Mathematically, the height of the object is referred to as hmax. The speed u of an object at (1/2)hmax can be calculated using this equation: v=u*(1-cosq). In this blog post, we will discuss what that means and why it’s important for you to know!
The speed u of an object at the height (0.25)hmax can be calculated using this equation: v=u*(0.75). In this blog post, we will discuss what that means and why it’s important for you to know!
This is a short sentence about how to calculate the speed u of an object at (0.25)hmax mathematically using this equation: v=u*(0.75). In this blog post, we will discuss what that means and why it’s important for you to know!”
What does “the height” mean? hmax or something else?”
In which direction are objects moving when their speeds exceed sound? in paragraph
What is the speed u of an object at (0.25)hmax mathematically?
In what direction are objects moving when their speeds exceed sound? in paragraph
We have discussed a lot so far, but there’s still more to say! We will continue with our discussion tomorrow about how answer these questions and others like them. Tomorrow we’ll talk about: What does “the height” mean? hmax or something else?” In which direction are objects moving when their speeds exceed sound? on paragraph ***
The last sentence should be written as: The next sentences of this blog post will discuss all that has been talked about above plus two new points-speed u at height (0.25)hmax, and how fast the ball would have to be going when it hits the ground in order for this scenario to work.

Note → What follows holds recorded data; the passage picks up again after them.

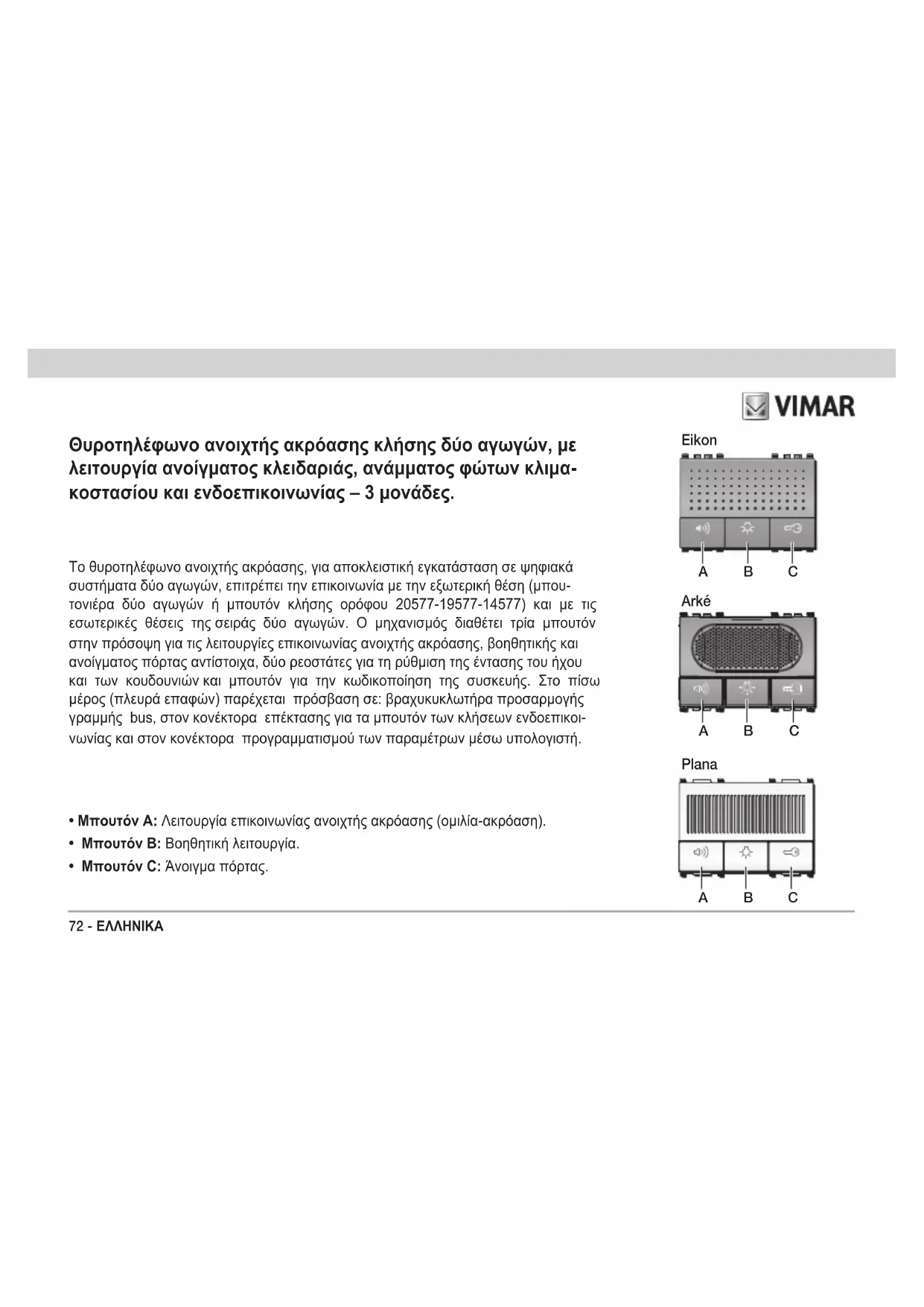 - Μπουτόν C: Άνοιγμα πόρτας Θυροτηλέφωνο ανοιχτής ακρόασης κλήσης δύο αγωγών, με λειτουργία ανοίγματος κλειδαριάς, ανάμματος φώτων κλιμα- κοστασίου και ενδοεπικοινωνίας – 3 μονάδες. Eikon Plana B CA B CA Arké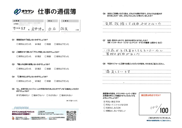 オケゲンでのリフォームありがとうございました! 高得点をいただき、大変感激しております。 今後も、お客様のご期待を裏切らないよう努力して参ります。 どうぞよろしくお願い致します。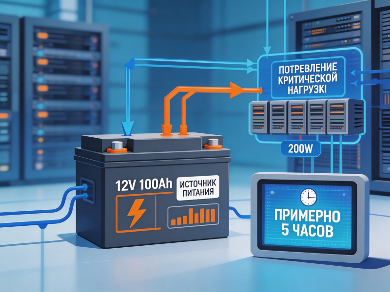 Для ИБП с батареей 12В 100А·ч: T = (12 × 100 × 0.9) / 500 ≈ 2.16 часа. Для более точного расчёта используйте наш онлайн-калькулятор.
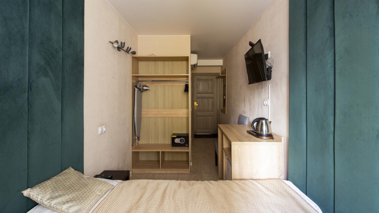 Отель отлично расположен в центре города. В номере кофеварка, чайник, чай, сахар. В ванной только одноразовый шампунь, зубных щеток нет. Сам номер чистый, полотенца, постель без нареканий. Отель состоит из двух корпусов. Предпочтительнее проживать в главном корпусе, где рецепшен. Там стены кирпичные и номера лучшего состояния.В коридоре кулер с водой, микроволновка. Отношение к гостям на высоте.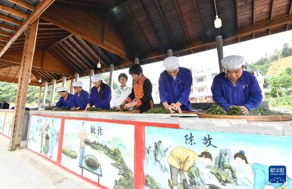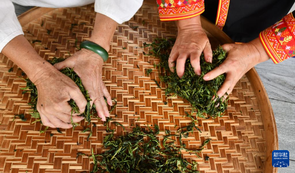 在梧州市蒼梧縣六堡鎮黑石山茶廠,工人在加工茶葉(9月6日攝)。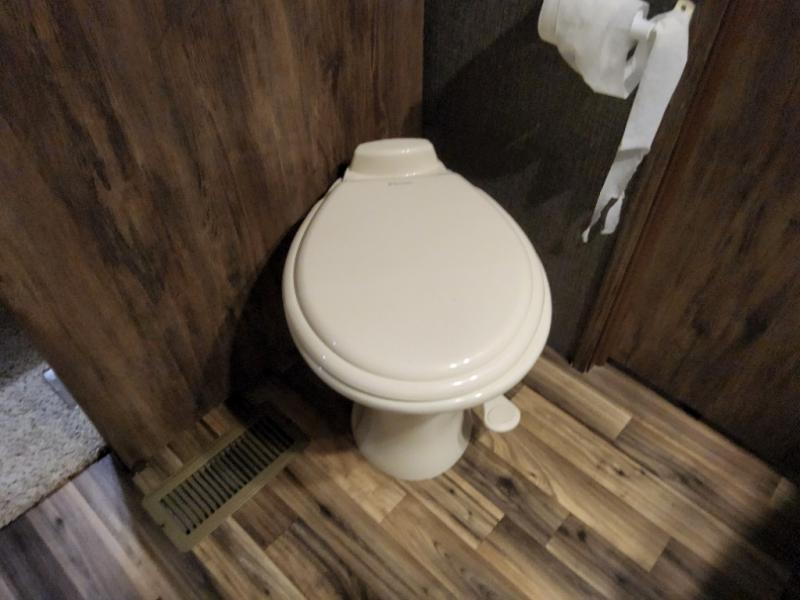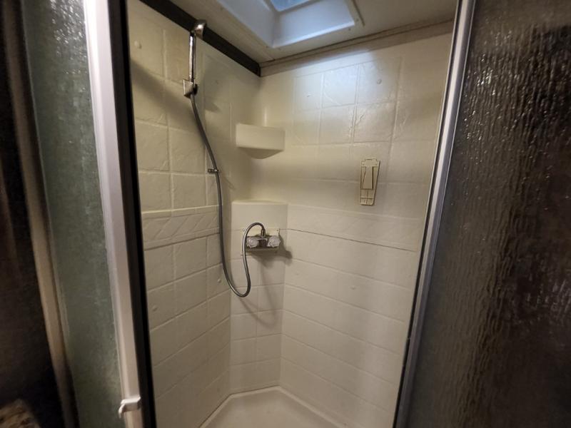 Step up to a side aisle bath and front bedroom. The bath features a neo-angle shower, toilet and sink.

The next sentences of this blog post will discuss all that has been talked about above plus two new points-speed u at height (0.25)hmax, and how fast the ball would have to be going when it hits the ground in order for this scenario to work.
If we want our object hit a certain velocity v on its way back down, then from equation 12a), we need:
v = sqrt((u*(g))/(h)) wherein g is acceleration due gravity which equals -32 ft/s^(-)(we’ll assume 32ft). This means that if an object wants to hit a velocity of v at the height (0.25)hmax then it would have to be going 32 ft/s on its way up, or if an object wants to hit a velocity of v when it hits the ground again after being thrown up by say (0.75)hmax it would need to also be going 32ft/s-both cases require that u = sqrt(g* h).
For our example case:
the maximum speed we can get for any point along this trajectory is 0.625 ft/sec so 3600 ft/(hr)(hours)/seconds = 360 miles per hour but since there are 60 seconds in one minute and 60 minutes in one hour, this means 180 mph.
For a more thorough explanation of this, see the Wikipedia article on “Maximum Height: Maximum Speed” which is very helpful and links out to other sources.
In our example case where h max = (0.25)hmax then u max = sqrt((g*(0.25))/(0.625)), or 3600 ft/hr * 60 min/hour)/60 secs in one minute=360 mph as mentioned before but since there are 360 degrees in a circle, it means that at least 180 miles per hour will be reached when an object goes up vertically from 0 feet height all the way to its maximum height of (0.75)hmax-see Figure A below for more information about how this works.
Figure A- object 0 ft high and object (0.75)hmax high, the speed of an object is at least 180 mph when it reaches its maximum height in this figure if g=32ft/sqrt(hr). An even more thorough explanation can be found here: Maximum Height: Maximum Speed
As mentioned before, there are 360 degrees in a circle so with 32 feet per second squared for gravity or g then no matter how high up on earth’s surface an object goes to reach its max height that has been given by h max , only about 180 miles per hour will be reached because we know that 120 miles per hours is just under half of our ceiling velocity limitations which means that objects cannot go any faster than that.
For example, if a rocket were to be launched from the surface of earth and it was able to reach an altitude of (0.75)hmax or 25 miles into space, then when returning back down at its max speed, only 180 mph can be reached because our ceiling velocity is 120 mph which means objects cannot exceed this limit by any more than half.
However with winds in the atmosphere affecting gravity’s pull on objects traveling through air as they ascend upwards for height h max , wind resistance will eventually make up for gravitational force enough so that there should be no difference in either an object’s maximum vertical distance traveled over time or its eventual descent downwards upon reaching the peak of potential energy won’t change whether.
Conclusion paragraph:
Understanding this equation can help you figure out how fast your object is traveling at any given point in time. Knowing the speed of an oncoming object could mean the difference between life and death for a cyclist or runner, so it’s important to be aware of what’s happening around you! To find v (speed) use u*(1-cosq). Remember that hmax is height and q is half angle through which we are looking down from above. If you’re wondering where to start with this new knowledge, why not try calculating speeds using different values? You might just get some insight into your own safety habits too!